Problem details — For this listing, reproduce the line with "得知自己以总分第一考研成功后", the line with "Mnogobrojni pevači su", and the lines between, exactly as they stand. Leave out pictures and all other lines.

Records for processing —
┄┄┄┄┄┄

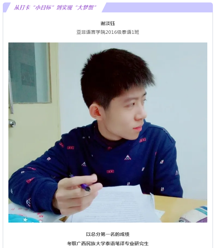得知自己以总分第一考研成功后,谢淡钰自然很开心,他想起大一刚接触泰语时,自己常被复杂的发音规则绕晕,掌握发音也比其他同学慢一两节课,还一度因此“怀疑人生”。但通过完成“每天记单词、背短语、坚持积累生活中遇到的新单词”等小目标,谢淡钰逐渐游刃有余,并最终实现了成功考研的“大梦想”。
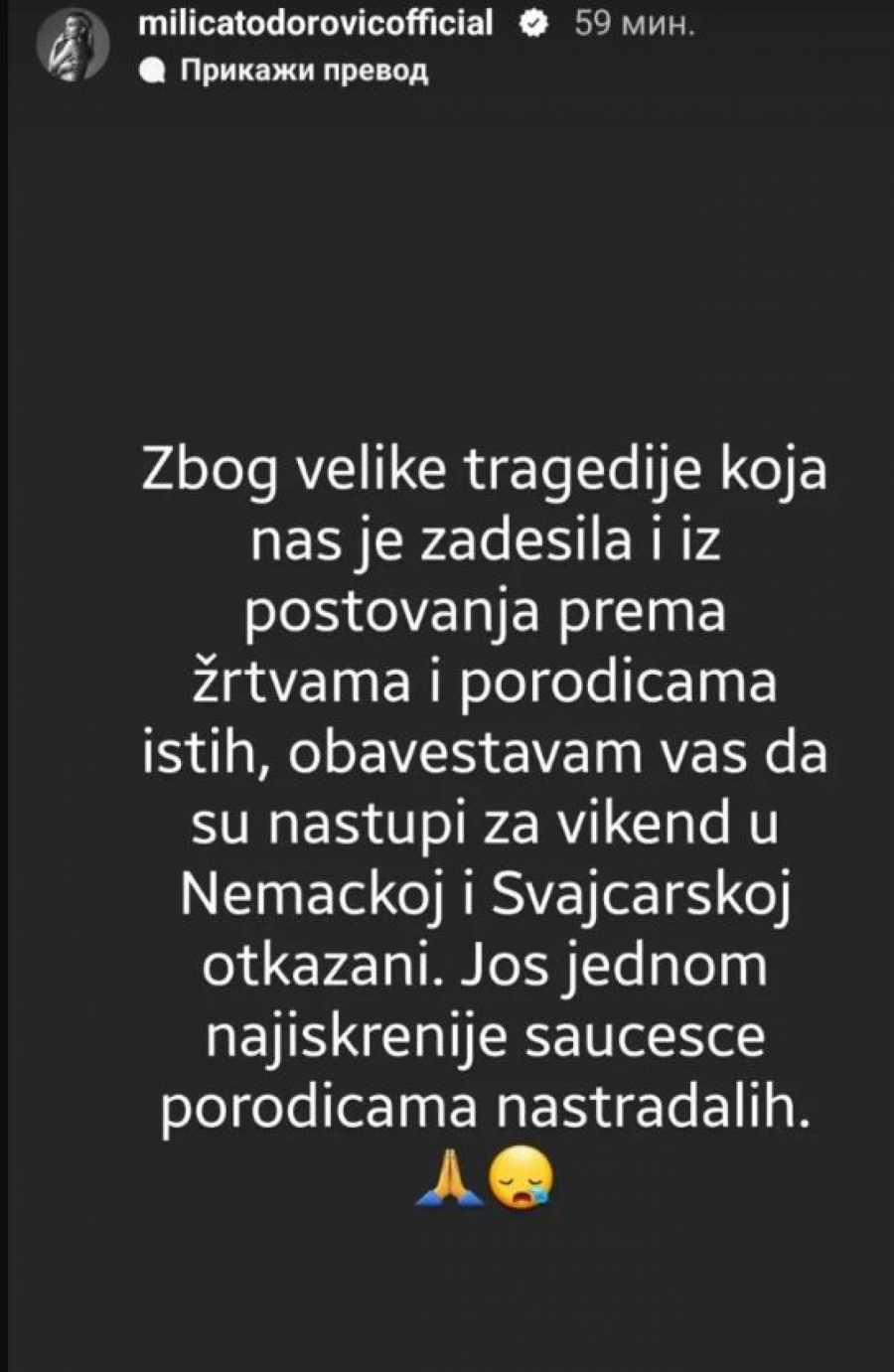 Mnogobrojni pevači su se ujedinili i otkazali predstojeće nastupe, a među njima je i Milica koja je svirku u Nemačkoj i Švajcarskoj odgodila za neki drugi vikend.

┄┄┄┄┄┄

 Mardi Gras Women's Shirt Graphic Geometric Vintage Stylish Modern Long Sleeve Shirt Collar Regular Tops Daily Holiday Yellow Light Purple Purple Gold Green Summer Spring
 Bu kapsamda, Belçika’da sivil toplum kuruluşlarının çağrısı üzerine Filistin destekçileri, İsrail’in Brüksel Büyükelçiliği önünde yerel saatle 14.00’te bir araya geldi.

┄┄┄┄┄┄

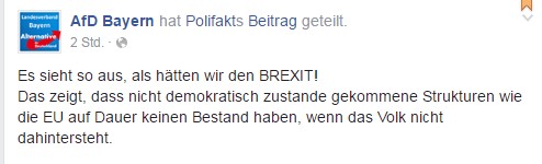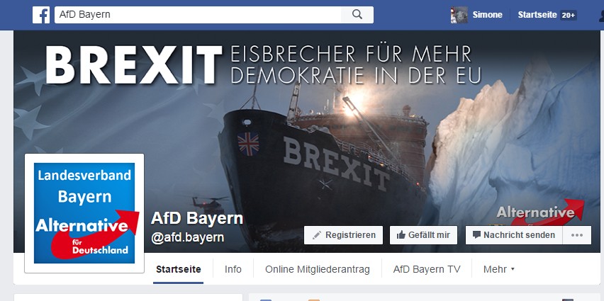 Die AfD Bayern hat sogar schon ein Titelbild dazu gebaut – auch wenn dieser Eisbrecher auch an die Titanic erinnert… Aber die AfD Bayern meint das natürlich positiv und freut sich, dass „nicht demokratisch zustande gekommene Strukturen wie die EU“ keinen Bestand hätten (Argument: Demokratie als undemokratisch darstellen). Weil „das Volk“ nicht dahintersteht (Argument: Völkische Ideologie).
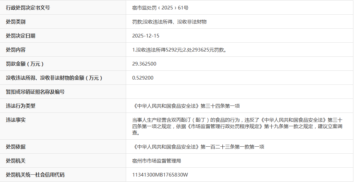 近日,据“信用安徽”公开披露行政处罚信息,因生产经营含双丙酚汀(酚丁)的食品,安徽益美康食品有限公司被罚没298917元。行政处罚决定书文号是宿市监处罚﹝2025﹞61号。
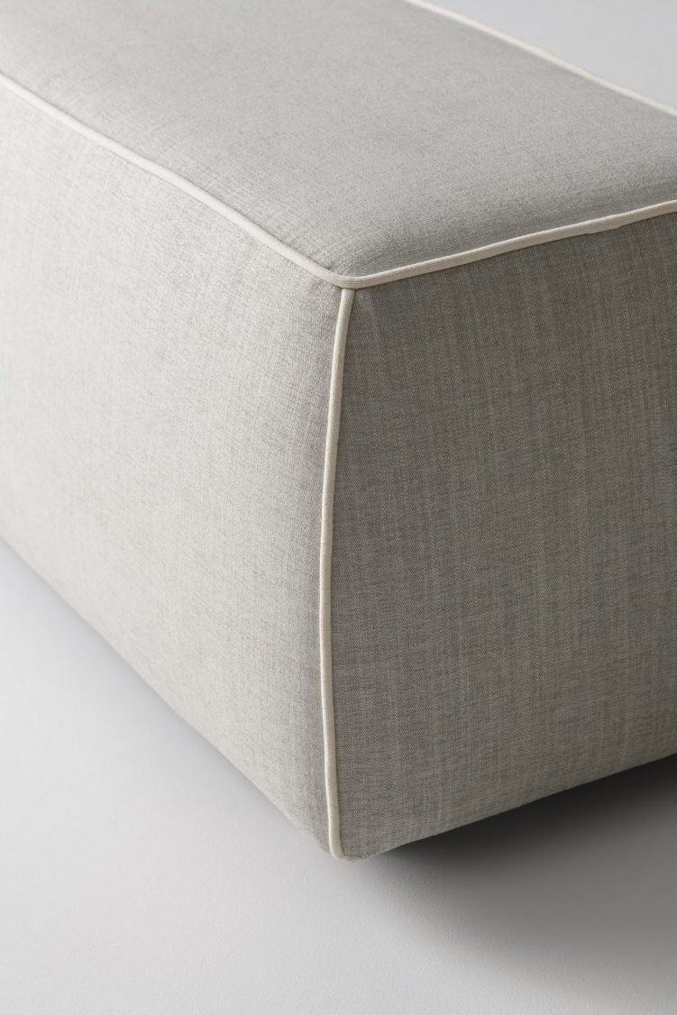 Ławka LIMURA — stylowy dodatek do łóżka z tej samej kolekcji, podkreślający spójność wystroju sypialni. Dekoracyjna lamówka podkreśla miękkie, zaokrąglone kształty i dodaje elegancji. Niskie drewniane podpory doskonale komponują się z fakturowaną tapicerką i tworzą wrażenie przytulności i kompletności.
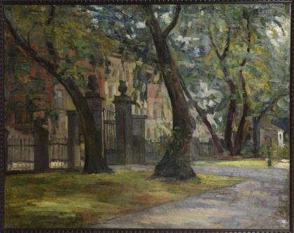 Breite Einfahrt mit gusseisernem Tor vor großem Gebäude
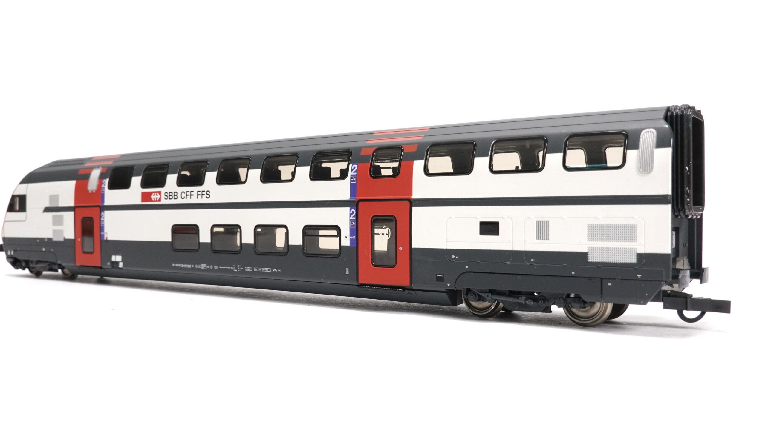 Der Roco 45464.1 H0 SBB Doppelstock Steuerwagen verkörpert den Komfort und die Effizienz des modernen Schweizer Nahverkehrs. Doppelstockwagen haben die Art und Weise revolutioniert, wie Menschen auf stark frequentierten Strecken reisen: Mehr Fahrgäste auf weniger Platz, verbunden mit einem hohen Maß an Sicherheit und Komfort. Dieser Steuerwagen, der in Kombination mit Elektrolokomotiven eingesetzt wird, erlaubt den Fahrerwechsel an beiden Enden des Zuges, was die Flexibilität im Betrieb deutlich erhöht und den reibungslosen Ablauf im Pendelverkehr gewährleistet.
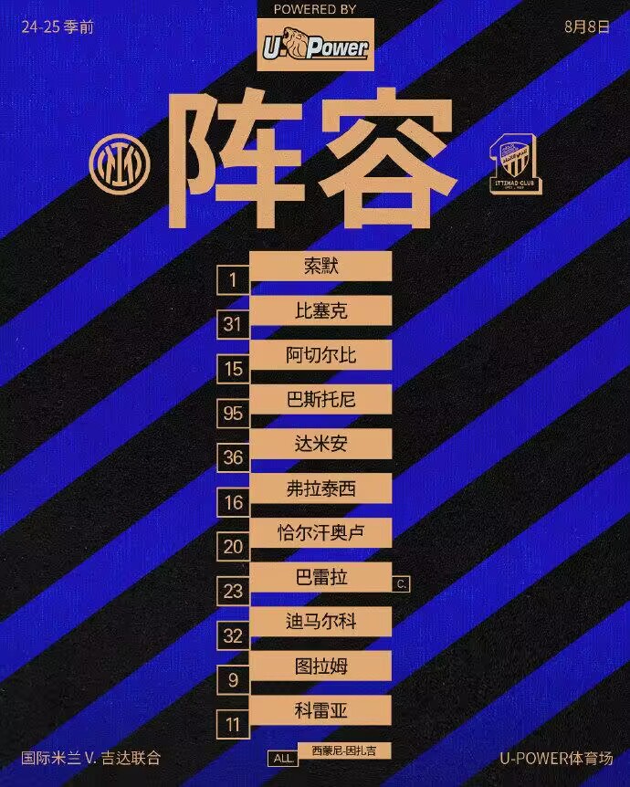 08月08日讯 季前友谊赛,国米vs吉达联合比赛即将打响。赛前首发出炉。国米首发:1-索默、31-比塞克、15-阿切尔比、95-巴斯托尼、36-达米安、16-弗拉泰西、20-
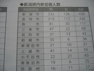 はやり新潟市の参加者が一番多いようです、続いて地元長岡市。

┄┄┄┄┄┄

Exercise result —
得知自己以总分第一考研成功后,谢淡钰自然很开心,他想起大一刚接触泰语时,自己常被复杂的发音规则绕晕,掌握发音也比其他同学慢一两节课,还一度因此“怀疑人生”。但通过完成“每天记单词、背短语、坚持积累生活中遇到的新单词”等小目标,谢淡钰逐渐游刃有余,并最终实现了成功考研的“大梦想”。
 Mnogobrojni pevači su se ujedinili i otkazali predstojeće nastupe, a među njima je i Milica koja je svirku u Nemačkoj i Švajcarskoj odgodila za neki drugi vikend.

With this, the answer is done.